"Employment Pitfalls Part Two"
by Joe Hadzima
(This article originally appeared in the "Starting Up" column of the Boston Business Journal.)
This is the second installment of our look at employment issues for entrepreneurs. Last month we explored whether someone was an employee or an independent contractor, what to avoid in employment offer letters, the use of non-competition and confidentiality agreements, and personal liability for payroll and taxes. Each of these topics could be a column itself (or even a chapter in a book), so remember that these Starting Up columns are designed to help you, the entrepreneur, get a handle on a number of important issues to help your business succeed. The format of a monthly column doesn't allow us to go into all the details, yet we all know that success comes in part through mastering the details. So use these columns as a sort of "checklist," but seek out competent professional assistance in applying the concepts to your particular situation. Moral: avoid the "do-it-yourself brain surgery" mentality.
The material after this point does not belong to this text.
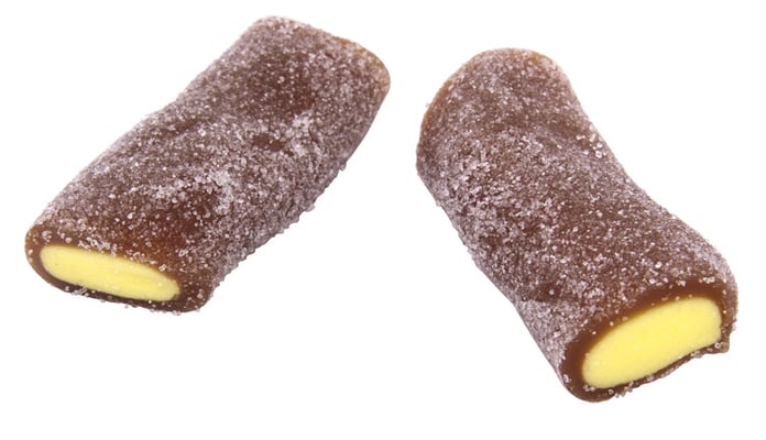 Sukker, glukose-fruktosesirup, invertsukkersirup, hvetemel, maisstivelse, vegetabilsk fett (kokos), syrer (E296, E330), fuktighetsbevarende middel (E422), potetstivelse, gelatin (storfe), naturlig aroma, frukt- og plantekonsentrat (sitron, saflor), fargestoffer (E100, E150d).

So here are some other employment areas you should know about:
The workplace has become the focal point for legislation that tries to change societal attitudes and practices. There are rules governing gender, age, and disability based discrimination, affirmative action, health and safety, family leave, etc. Some of these rules may actually conflict with each other. Fortunately for the entrepreneur trying to get a business launched, many of these rules don't apply until you have a certain number of employees. However, you should be aware that many of them do apply if you have government contracts or subcontracts. Some government contract regulations apply unless you specifically exclude them in your contract or subcontract. So if you are involved directly or indirectly in government contracts, don't assume that you are exempt from these regulations. Always read your government contract solicitation before preparing a bid or proposal, and always be sure to administer your government contract in a way that fully complies with the contract.
Minimum Wages and Overtime.
With technological advances coming rapidly, high-tech companies have to meet tight deadlines that usually mean very long hours. Although you may think of a programmer as being exempt from minimum wage laws (as opposed to the traditional factory worker), the Department of Labor may think otherwise, resulting in penalties. Check this out with your employment lawyer before you have this problem.
Although we are a nation of immigrants, we have also had a history of trying to limit immigration. To a large extent immigration rules are targeted toward cheap foreign labor taking U.S. jobs, but, contrary to common misconceptions, U.S. immigration laws also treat degree professionals, entrepreneurs, and established businesses with complex and non-intuitive regulations. I have many clients who successfully hire highly trained foreigners who graduate each year from Boston's fine universities. This can be a winning strategy for you, too, but you must make sure that you understand and are able to comply with U.S. immigration law before you begin the process. With advance planning, the process can go smoothly. Failure to plan can result in a disaster. So spend the few preliminary and necessary hours with an immigration lawyer beforehand if hiring foreign nationals is a likely part of your hiring plans. Even if you do not have an active plan to hire foreign nationals, you are nevertheless required to obtain an INS Form I-9 from each new hire.
You are not required to have an employee handbook. However an employee handbook can be a valuable part of your human resource "package" if it reflects your philosophy of dealing with your most valuable assets—your employees. From that viewpoint alone, you should not simply copy the employee handbook of some other organization. I once had a former Digital Equipment employee start a new venture and use DEC's employee manual on the theory that DEC must have had the manual reviewed by its lawyers. However, many of the DEC employment practices are a result of laws that apply only to large employers or government contractors. Because an employee handbook can be construed as part of an "employment contract," the entrepreneur found out that he had taken on legal obligations that he did not have to incur. Perhaps more importantly, he missed an opportunity to establish a "tone" by thinking through his own approach to dealing with employees.
When you hire other people, you will inevitably have to build some infrastructure/bureaucracy to deal with these various legal requirements. You can either view this as a useless distraction, or you can take the opportunity to put in place approaches and procedures that will help maximize the potential of the people you hire. I think you will have the best results if you develop a clear philosophy of how you plan to attract, motivate, and retain good people, and then fill in the legal requirements around your plan.
DISCLAIMER: This column is designed to give the reader an overview of a topic and is not intended to constitute legal advice as to any particular fact situation. In addition, laws and their interpretations change over time and the contents of this column may not reflect these changes. The reader is advised to consult competent legal counsel as to his or her particular situation.